2K views 13 replies 6 participants last post by  BjornBee 
#1 ·
Bjornbee, Can you tell us about your queen and bee raising program? How do you select your queens and where do they originate from? You collect ferals, don't you? Then what do you do w/ them? How do you evaluate them? How do you keep track of them and their characteristics?

You've probably written about this before, so if i should read another thread, maybe you could direct me to it.

The reason I ask is, on beesource.com, Micheal Johnson has been writing a little about what he hopes to do w/ a grant that he got to try to develop nosema resistant bees. I think that's what he wrote.

Thanks,
Mark
 
#2 ·
Mark,
Thank you for asking.

When I first started into breeding and expansion into a full business, I bought breeder queens from Glenn Apiaries, and russian stock directly from a friend who bought russians from Charlie for years. This was to get as pure as I could when it came to SMR, Carni, etc. At that same time, I bought queens in lots of 50 from various places around the states, and placed them into various yards, and overwintered them. This went on for several years.

I never treat them. I let nature cull out the weak.

Every spring, I hold "evaluation" days, where I take out a few volunteer beekeepers to evaluate, test, and select queens from various yards. I have a 12 point system. Two things automatically gets a queen rejected for breeder consideration. Agressiveness, and ANY signs of pests or disease. One wax worm sighting, one SHB, one cell of chalk....failed.

We also do various hygienic testing. It can be as simple as placing paper towels with thymol oil onto the top of the bars, or killing off brood. We then select those hives (If they passed the other criteria) that shred and pull out the paper the fastest, or removed the dead brood..

We do look at v-mites, and test for those also.

We think several things have happened over the years that has helped us.

*We have slowly changed over the feral population in the areas surrounding our breeder yards.

*We actually use drone saturation and have spent much efforts grouping our breeding colonies with 4-8 support yards in the area. This is something that many so called breeder lack....actual drone yards.

We have not brought in any stock other than carni and russian for the past 6 years. The past three years, we have not bought any breeders, and have relied on getting other northern stock through the northern states queen breeders association members, so we have good diversification of stock.

I still get some queens from various producers every year.

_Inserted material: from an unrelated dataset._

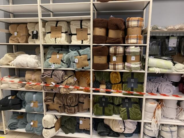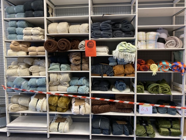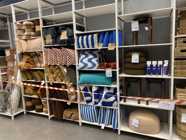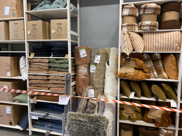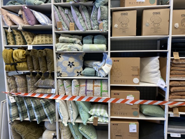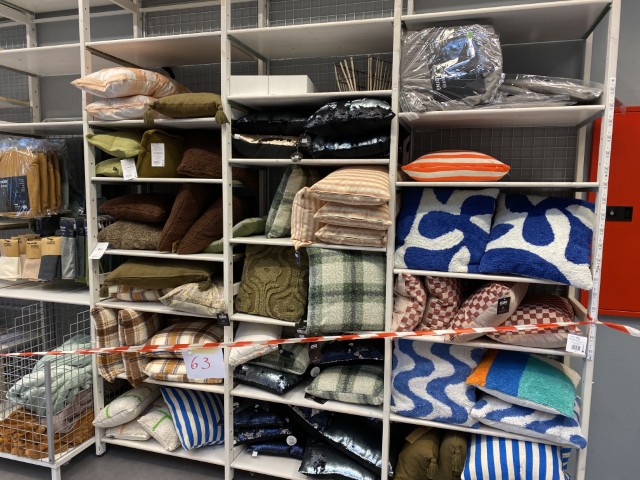 Textiles : coussins et coussins chauffants, housses de coussins, plaids, tapis, rideaux, linge de maison, linge de bain et de cuisine.

I place them in out yards, and go back the second year to evaluate them. I may not use them for grafting, but use these hives many times for drones.

I have tested my own comb, and know the queens being produced are not being effected by beekeeper induced treatments, which I have never used except the first year I had 6 hives. I think chemicals are effecting queens from some places, as well as inbreeding and poor genetic selection.

I do play around with disease and issues for breeding efforts. I have never really selected or tested beyond a few tests, for nosema. I have had the state run some tests, and the nosema was always below the standard threshhold (one million spore count), even for testing in the fall. I'm not sure how he (Johnson) will be running his selection and nosema testing, but many things actually effect nosema levels, and I think the research needs to be very specific and take many things into account. With that said, I will leave any further comments alone.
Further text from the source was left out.